Department of Regional Australia, Local Government, Arts and Sport

Department overview
- Formed: 14 December 2011
- Preceding Department: Department of Regional Australia, Regional Development and Local Government Department of the Prime Minister and Cabinet (arts and sport functions);
- Dissolved: 18 September 2013
- Superseding Department: Department of Infrastructure and Regional Development (regional development and local government functions) Attorney-General's Department (arts functions) Department of Health (sport functions).;
- Jurisdiction: Commonwealth of Australia
- Employees: 601 (at April 2013)
- Department executive: Glenys Beauchamp, Secretary;
- Child agencies: Australian Sports Anti-Doping Authority; National Capital Authority; Australia Council for the Arts; Australian Film, Television and Radio School; Australian National Maritime Museum; Australian Sports Commission; Australian Institute of Sport; National Film and Sound Archive; National Gallery of Australia; National Library of Australia; National Museum of Australia; Screen Australia;
- Website: regional.gov.au

= Department of Regional Australia, Local Government, Arts and Sport =

Australian Government department, 2011–2013

The Department of Regional Australia, Local Government, Arts and Sport was an Australian government department. It was formed in December 2011, absorbing the former Department of Regional Australia, Regional Development and Local Government along with Arts and Sport functions from the Department of the Prime Minister and Cabinet. The department was abolished in September 2013 with its functions moved to other Australian Government departments.

==Scope==
Information about the department's functions and government funding allocation could be found in the Administrative Arrangements Orders (AAOs), the annual Portfolio Budget Statements, in the department's annual reports and on the departmental website.

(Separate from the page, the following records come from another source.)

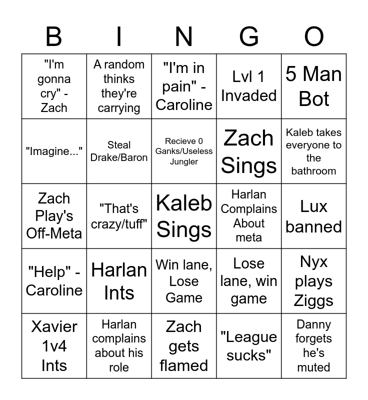 This bingo card has a free space and 24 words: Xavier 1v4 Ints, Harlan Ints, Recieve 0 Ganks/Useless Jungler, "League sucks", 5 Man Bot, "I'm gonna cry" - Zach, A random thinks they're carrying, "I'm in pain" - Caroline, Harlan Complains About meta, Lux banned, Zach Play's Off-Meta, Steal Drake/Baron, Lose lane, win game, Nyx plays Ziggs, "Imagine...", Harlan complains about his role, Zach gets flamed, Lvl 1 Invaded, Kaleb takes everyone to the bathroom, "Help" - Caroline, "That's crazy/tuff", Win lane, Lose Game, Zach Sings and Danny forgets he's muted.
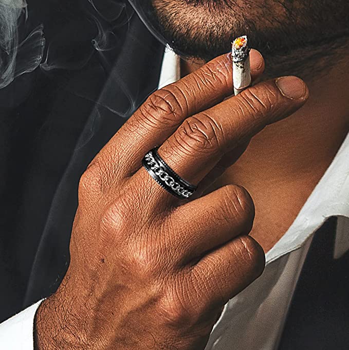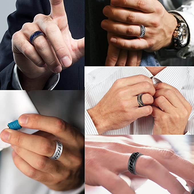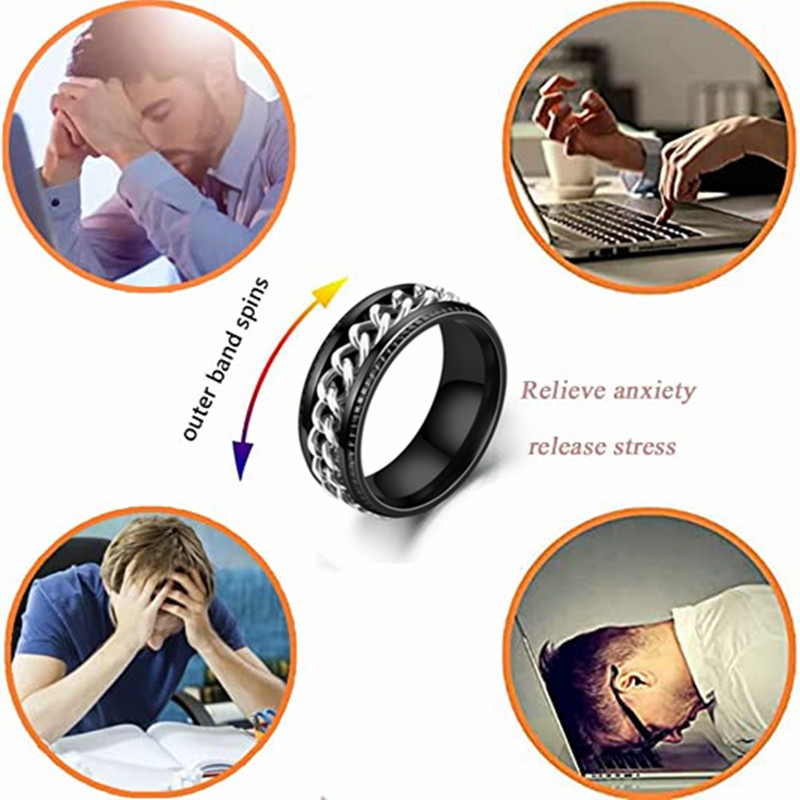 Les anneaux ont un design incrusté de chaîne de bord, vous pouvez faire tourner la chaîne pour soulager l'anxiété et l'ennui. Ils sont fabriqués en acier inoxydable, solides et durables, ne se décolorent jamais, ne rouillent jamais, imperméables, confortables à porter.
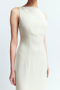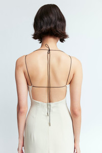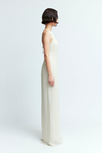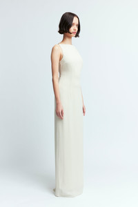 The Hebe Gown in off white is a floor-length design crafted from smooth crepe fabric, offering a figure-hugging silhouette. It features a high neckline, sleeveless shoulders, and delicate, thin straps that fasten at the open back for an adjustable fit. The straight hem is finished with a back split for ease of movement. MORE DETAILS Designed for a regular fit. The model is 5'10.5" (178cm) and wears a UK 8. Outer: 100% Polyester Care: Cool wash or Dry clean Made in Portugal Style number: G-071-SS25-3
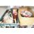 A collection of vintage dolls and toys presented in a green plastic crate and a wicker basket. The lot features a mid-20th-century doll constructed from vinyl or hard plastic, featuring rooted blonde curly hair, blue sleep eyes with lashes, and an open mouth with visible teeth. This doll is dressed in a red and white gingham shirt with a white lace collar, a maroon corduroy pinafore skirt, and red plastic shoes. The green crate also contains a doll wearing a green felt-style hat and cream coat, a dark-skinned fabric doll with a green ribbon sash, and smaller figures in lace and tartan clothing. The wicker basket contains various smaller baby dolls, including one in a blue floral-patterned dress, a doll in a white and red knit outfit, and a dark-skinned doll head. A separate grey crate below contains an assortment of small toy vehicles and parts. No maker's marks or factory stamps are visible on the items. Main doll height: approximately 45cm - 50cm.
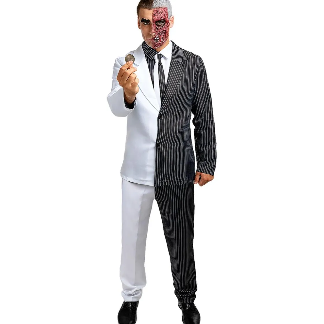 Este disfraz en talla Standard es perfecto para encarnar a Dos Caras, el villano más ambivalente de Gotham. Consta de pantalón, chaqueta, camisa y corbata con diseño asimétrico, que representan la dualidad del personaje. La máscara y la moneda completan el conjunto, logrando un look escalofriante y auténtico.
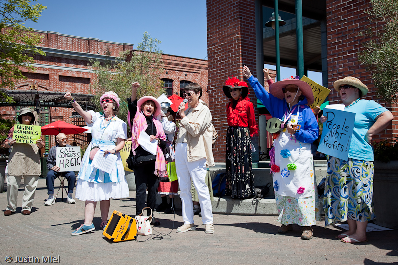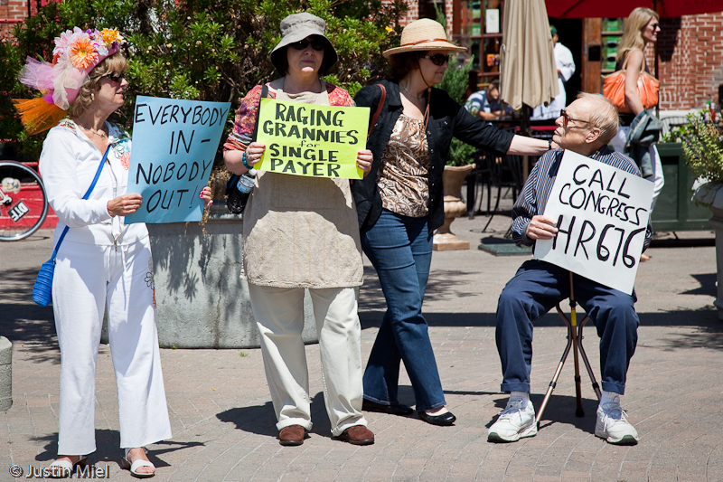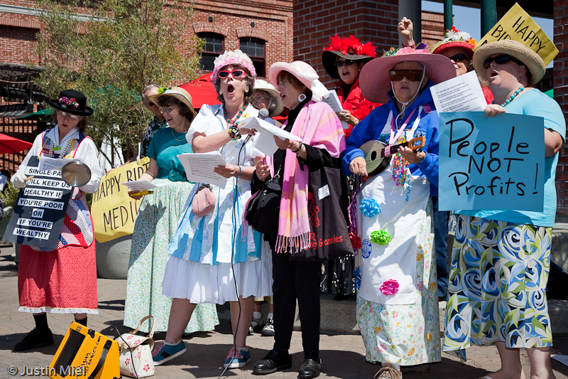 These songs for the only REAL plan, a single payer health care plan, enlivened a rally on the 44th anniversary of Medicare (a successful single payer plan) in Menlo Park, California.

According to the AAO made on 14 December 2011, the department dealt with:
- Administration of the Jervis Bay Territory, the Territory of Cocos (Keeling) Islands, the Territory of Christmas Island, the Coral Sea Islands Territory, the Territory of Ashmore and Cartier Islands, and of Commonwealth responsibilities on Norfolk Island
- Constitutional development of the Northern Territory
- Constitutional development of the Australian Capital Territory
- Delivery of regional and rural specific services
- Planning and land management in the Australian Capital Territory
- Regional development
- Matters relating to local government
- Regional Australia policy and co-ordination
- Support for ministers and parliamentary secretaries with regional responsibilities
- Cultural affairs, including movable cultural heritage and support for the arts
- Sport and recreation
- Management of government records
- Old Parliament House

Subsequent AAOs issued on 9 February 2012 and 16 May 2013 omitted mention of "Old Parliament House" and "Support for ministers and parliamentary secretaries with regional responsibilities". The February 2012 and May 2013 AAOs also replaced the words "delivery of regional and rural specific services" with "delivery of regional and territory specific services and programs" and the words "regional Australia policy and co-ordination" with "regional policy and co-ordination".

==Intended outcomes==
The department worked to help the Government of the day achieve its policy objectives by contributing to, and reporting against four key outcomes. The 2011–12 departmental annual report (which was the only annual report released by the department during its short period of operation) identified the four outcomes as:
1. Coordinated community infrastructure in rural, regional and local government areas through financial assistance.
2. Good governance in the Australian territories through the maintenance and improvement of the overarching legislative framework for self-governing territories, and laws and services for the non-self-governing territories.
3. Participation in, and access to, Australia's arts and culture through developing and supporting cultural expression.
4. Improved opportunities for community participation in sport and recreation, and excellence in high-performance athletes, including investment in sport infrastructure and events, research and international cooperation.

==Structure==

The department was administered by Australian public servants who were responsible to the Minister for Sport, the Minister for the Arts, or the minister and parliamentary secretary responsible for regional Australia and local government (given various titles during the life of the department).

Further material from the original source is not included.